Physical Computing’s Greatest Hits (and misses)

One idea that really resonated with me is the reminder not to give up on a project just because it’s been done before. I’ve done it myself in the past when i would get excited about an idea for an IM project, only to do my research and see that someone else had already made something similar. That would make me feel like it wasn’t “original enough,” so I’d opt out to do something different.

The reading made me realize that two people can execute the exact same concept in totally different ways. The author mentions how even common topics in physical computing can still offer surprises through personal variation. I especially liked the example of using your body or hand as a cursor as no two drawings will ever be the same, and that kind of interactivity can’t be duplicated.

I also really agree with his implication that what’s important is not what the computer can do, but what the person can do. It is more about how people respond, interact, and express themselves through interacting with technology.

Making Interactive Art: Set the Stage, Then Shut Up and Listen

The main idea that the artist shouldn’t interpret their own work reminded me of how some painters intentionally choose not to add descriptions to their works – they leave it up to the viewer to decide on their own meaning. In terms of Interactive Media, this made me think about how the project has to be self-explanatory, as all elements should guide the user without any extra instructions.

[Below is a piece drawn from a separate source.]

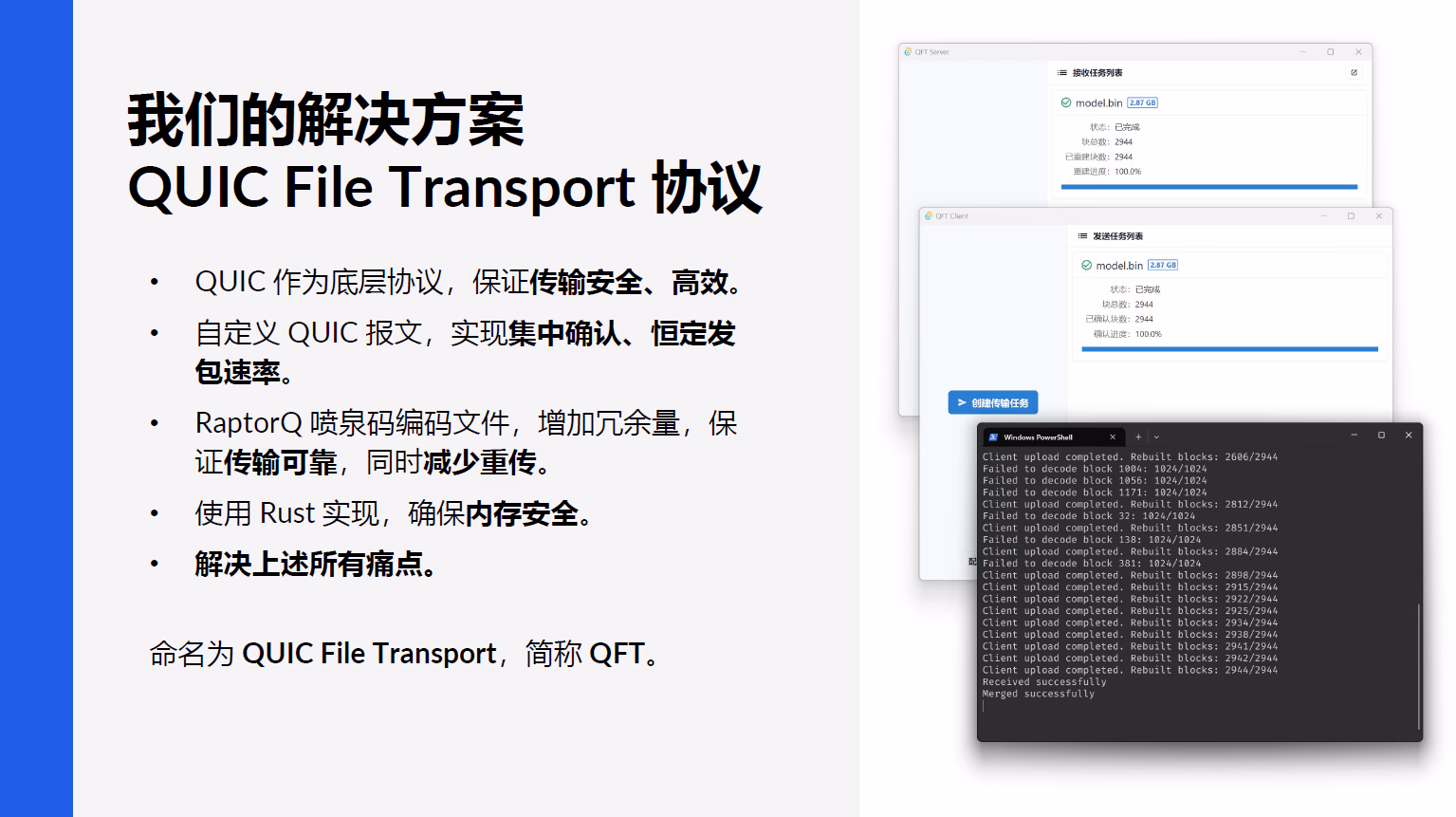 没有办法,最后搓出来了 QUIC File Transport,基于 QUIC 和 RaptorQ 编码的乱七八糟的东西。。最后成功证明了顺序分块、丢包重传就是最佳的解决方案(逃

Another idea that creators should listen to how people respond to their work is something I don’t think I’ve ever done intentionally. I’ve tested projects to see if they work, but I haven’t truly observed how people feel or what unexpected things they do with it. It also reminded me of another reading we had earlier about interaction being a conversation, not just a monologue from the author. I think I would like to try building projects that leave room for interpretation and do unexpected things.

Week 9: Sensor Assignment

My Concept

The project is a thermometer system that uses an analog temperature sensor and a button switch to control three LEDs: blue for cold (22°C and below), green for moderate temperatures (24°C to 27°C), and red for warmer temperatures (27°C and above).

The button works as a power switch, making the LED that matches the current temperature light up. At first, I wanted all the LEDs to turn on when the button was pressed and then, after touching the temperature sensor, have only the LED for the detected temperature stay on. But that didn’t work out, so I adjusted the setup to make the button directly activate the correct LED based on the sensor’s reading.

Set-up

 

Code

Github Code

Highlight:

As the temperature sensor doesn’t directly give the temperature, I had to convert the initial number (an ADC reading) into volts, then into millivolts  and then use a formula to calculate the temperature in Celsius. After that, I converted it into Fahrenheit

reading = analogRead(sensorPin);  
volts = reading * aref_voltage / 1023.0;
millivolts = 1000 * volts;
degreesC = (millivolts - 500) / 10;
degreesF = (degreesC * 9 / 5) + 32;

Reflections

This project taught me how important it is sometimes to start completely from scratch. In my first attempts, the TMP sensor got overheated, which was most likely because I positioned some components in a way that caused issues in the circuit. I ended up having to rebuild everything a few times. It was frustrating at first, but ultimately a great learning experience. To refine my future projects, i’d love to experiment with more sensors in our kit and see how it goes. Overall, i enjoyed the creation of this project.